Fast wäre er dank Norwegen unbehelligt geblieben
Im Februar 2015 wurde in Paris der internationale Haftbefehl gegen die drei mutmaßlichen Täter erlassen. Was dann geschah, hätte man vermuten können. Die Führung der „Palästinensischen Autonomiebehörde“ konnte mit ihren „Bemühungen“ den genauen Aufenthaltsort von Mahmoud Abed nicht feststellen, und Norwegen weigerte sich schlicht, seinen Bürger an Frankreich auszuliefern: Das norwegische Recht, ließ man aus Oslo wissen, läßt keine Auslieferung eigener Bürger zu. Mehr noch: Es wurde mitgeteilt, dass der „Palästinenser“, der seit 1991 in Norwegen lebt, auch nicht verhaftet werde, weil das erlassene Gesetz über die Aufhebung der 25-jährigen Verjährungsfrist nicht rückwirkend gelte. Abu Zayeds Frau betonte, dass ihr Mann an dem Terroranschlag in Paris nicht beteiligt und gar nie in Frankreich gewesen sei. Allein die jordanischen Behörden nahmen gemäß dem Haftbefehl der französischen Justiz al-Abbasi bereits im August 1982 als mutmaßlichen Drahtzieher des Pariser Anschlags fest.
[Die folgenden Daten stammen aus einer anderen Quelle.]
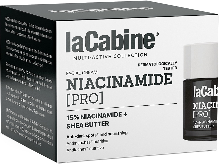 LaCabine Niacinamide PRO 15% — это крем для лица с 15% ниацинамидом и маслом ши, разработанный для укрепления кожного барьера, улучшения текстуры кожи и интенсивного увлажнения. Лёгкая, но питательная текстура быстро впитывается, не оставляет ощущения тяжести и подходит для ежедневного ухода. Ниацинамид помогает выравнивать тон кожи, уменьшать покраснения, регулировать выработку себума и делает кожу более гладкой и ухоженной. Масло ши обеспечивает глубокое питание и смягчение, способствует уменьшению сухости и стянутости.

Dennoch hat in diesem Fall die Hartnäckigkeit der französischen Polizei Wirkung gezeigt; so konnten die norwegischen Behörden überzeugt werden, Abu Zayed der französischen Justiz zu auszuliefern. Es ist davon auszugehen, dass diese über genügend Beweise seiner Beteiligung an dem Massaker vom 9. August 1982 in der Rue des Rosiers verfügt. Jo Goldenberg konnte diese Entwicklung, dass endlich die Chance da war, einen der Terroristen vor Gericht zu bringen, leider nicht mehr erleben (Jo Goldenberg starb im Mai 2014 in Israel im Alter von 91 Jahren, - Anm. d. Übers).